Most of the time the specifying engineer or end user does not decide on the type of stator to be used. By default it is determined by what the pump manufacturers’ offer. The principal deciding issues are manufacturability and cost, suitability for the application, modularity of design and efficiency.
For high pressure between bearings multi-stage pumps, diffuser designs are more compact compared to volute designs. Compactness generally translates into a smaller pump casing size and lower cost of materials and manufacturing.
Diffusers are normally designed as a one-piece or a two-piece ring assembly secured into the pump casing. Diffusers are modular components. For a given pump casing, variations of the diffuser passages can be designed to cover a range of operating conditions.
For a single stage centrifugal pump, a diffuser type design is usually more costly to produce because the diffuser ring is an extra part plus some incremental added machining for the casing. The casing must still function as a collector to convey the flow from the diffuser to the discharge nozzle. No matter how this is done, the diffuser can offer little comparative advantage in the size of a single-stage pump.
Diffuser designs are often more efficient at the best efficiency rate of flow, compared to that of a volute. Also, a custom diffuser can be made for each application in order to maximize the efficiency for a specific duty point.
A volute proponent might argue that the diffuser is less efficient at off-peak flow rates where the pump will operate a good portion of the time. The efficiency differences may not be significant and unless large amounts of power are involved, these debates seldom carry much weight in relation to the competing prices of the pumps offered, or user preference for either volute or diffuser.
Radial thrust acting on the impeller develops from a non-uniform circumferential pressure distribution. The stator design plays an important role in this. For some applications, especially with a single-stage overhung impeller type pump that will operate continuously at flows substantially away from its Best Efficiency Point flow, a diffuser/collector arrangement can provide a lower magnitude of radial thrust.
One of the two basic stator types may be particularly suited for specific applications. For instance, most API users of axial split case type BB3 between bearings pumps prefer opposed impellers in a double volute casing, which offers some assembly and maintainability advantages. Volute type casings are the norm for solids handling pumps that require wide open passageways. A few specialty high pressure single casing pumps utilize the structural support that the vaned diffuser can provide for the collector scroll. Vertical turbine and vertical bowl type casings are mostly of the vaned diffuser type.
Manufacturers have generally rationalized the choice of pump stator based on market needs, application requirements and production costs.
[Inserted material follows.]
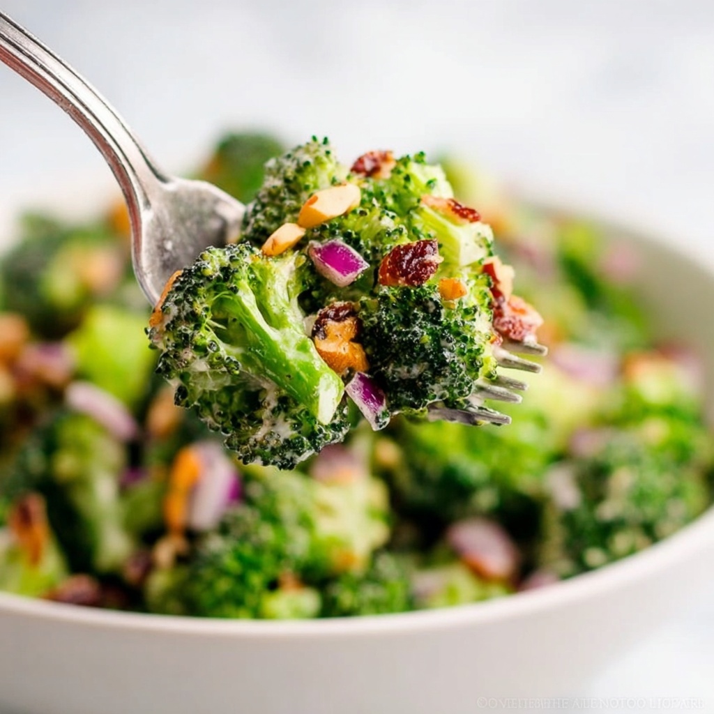 This refreshing Broccoli Salad recipe combines crisp raw broccoli florets with sweet dried cranberries, crunchy sunflower seeds, and savory bacon bits, all tossed in a tangy and creamy apple cider vinaigrette. Perfect as a side dish for gatherings or a light lunch, it requires no cooking and comes together quickly in under 15 minutes.

Any evaluation regarding the selection of a diffuser or a volute should be considered in the context of specific pump types, specific applications and manufacturers’ product offerings.
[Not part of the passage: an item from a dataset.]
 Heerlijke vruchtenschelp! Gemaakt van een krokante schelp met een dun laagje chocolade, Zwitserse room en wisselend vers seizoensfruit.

For an independent evaluation of function and performance, contact an experienced consulting engineer who can help with your specific applications. See the complete list of Ekwestrel’s engineering services.
19 comments
Hello All,
I found this article very useful.
I found this article very useful. Actually, I’m experiencing a problem of excessive cavitation in a water pump (CW-Hydro, Inc., 1780 rpm, 510 m3/h, AMT: 180 mca, Shutoff Press: 21 kgf/cm2).
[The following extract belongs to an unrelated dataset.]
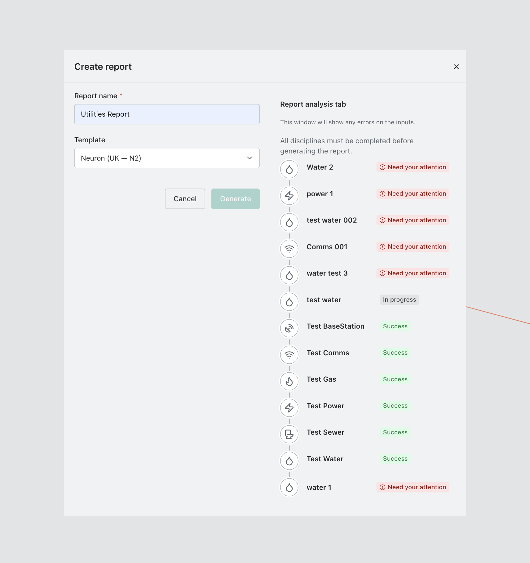 - Resolve any validation errors shown in the Report modal.

The pump has an excessive level of cavitation and vibration (2x, 3x rpm + high frequency) and has also a lot of wear on the volute. We already did some repair where put belzona but the problem continuous.
During these repairs, we machined (a little) the face of the scroll because excessive wear. So today we do not know if the clearance between the rotor and the faces (front and back) of the volute are as the manufacturer recommends. Unfortunately, we also did not get this information in the manufacturer’s manual.
Please, I would like your help, according to your experience in the subject, how much these clearances affect the performance of the pump and in cavitation. Do you would know, as a good practice, what these clearances (before, back and top rotor)?
Best regards,
Mathew,
It’s easy to understand why some users prefer an inner volute casing for a type BB5 versus a stacked diffuser arrangement. An important relative advantage of the volute arrangement you did not mention is reduction of unbalanced axial thrust. This is because the volute style is normally an opposed impeller arrangement. Opposed impeller arrangements are less prone to catastrophic failure due to a pump system upset. An opposed impeller arrangement for a stacked diffuser design adds complexity and cost to the assembly, is quite rare and is reserved only for the highest head applications such as for oil production water injection service.
I’ve never heard about the volute style being more forgiving of running clearances being out of spec. It may be easier to “sag bore” an inner volute casing to compensate for rotor sag, if that is deemed necessary.
Concerning the entrance area that you mention: axial tolerances on the stacked diffuser elements are easier to control. It is an inherent advantage with the diffuser design and it is possible to allow less internal clearance end float.
My personal inclination would be to evaluate the manufacturer’s installed based of the same model and size of pump, in similar conditions of service, as the main selection criterion. Offhand, I don’t think you should pay more than a 10 or 15 percent premium to go for the volute style, based on preference.
I trust this helps. Randal
Dear Randall,
Is there any design advantage of volute style BB5 over the diffuser style BB5 from a maintenance perspective? I understand it is easier to take the rotor out and put it back on an axially split volute compared to a radially split diffuser stack along with the ease for measuring the running clearances with a feeler gauge. However, is the volute style more forgiving to the running clearances being out of spec while putting back the pump compared to a diffuser style? Is that going to cause more axial thrust issue or performance issue on a diffuser than a volute style? Also is the entrance area from an impeller to diffuser much tighter compared to a volute? If so, does its become a hassle while reassembling a diffuser style pump compared to volute style?
Dear Sundararajan,
I see you posted your comment over a year ago. Not sure how I missed it. I do make an effort to keep the material readily comprehendable to those seeking general understanding of the topic.
Best regards,
Randal
Dear Mr Randal,
I find Your article interesting , and easily understandable.
I am offering consultancy on Mechanical seals for Rotating Equipment, and present technical presentation on Basics of Rotating Equipment and Sealing systems for Rotating Equipment.
Your article gives value input for seminars, and thank you very much.
Regards,
Sundararajan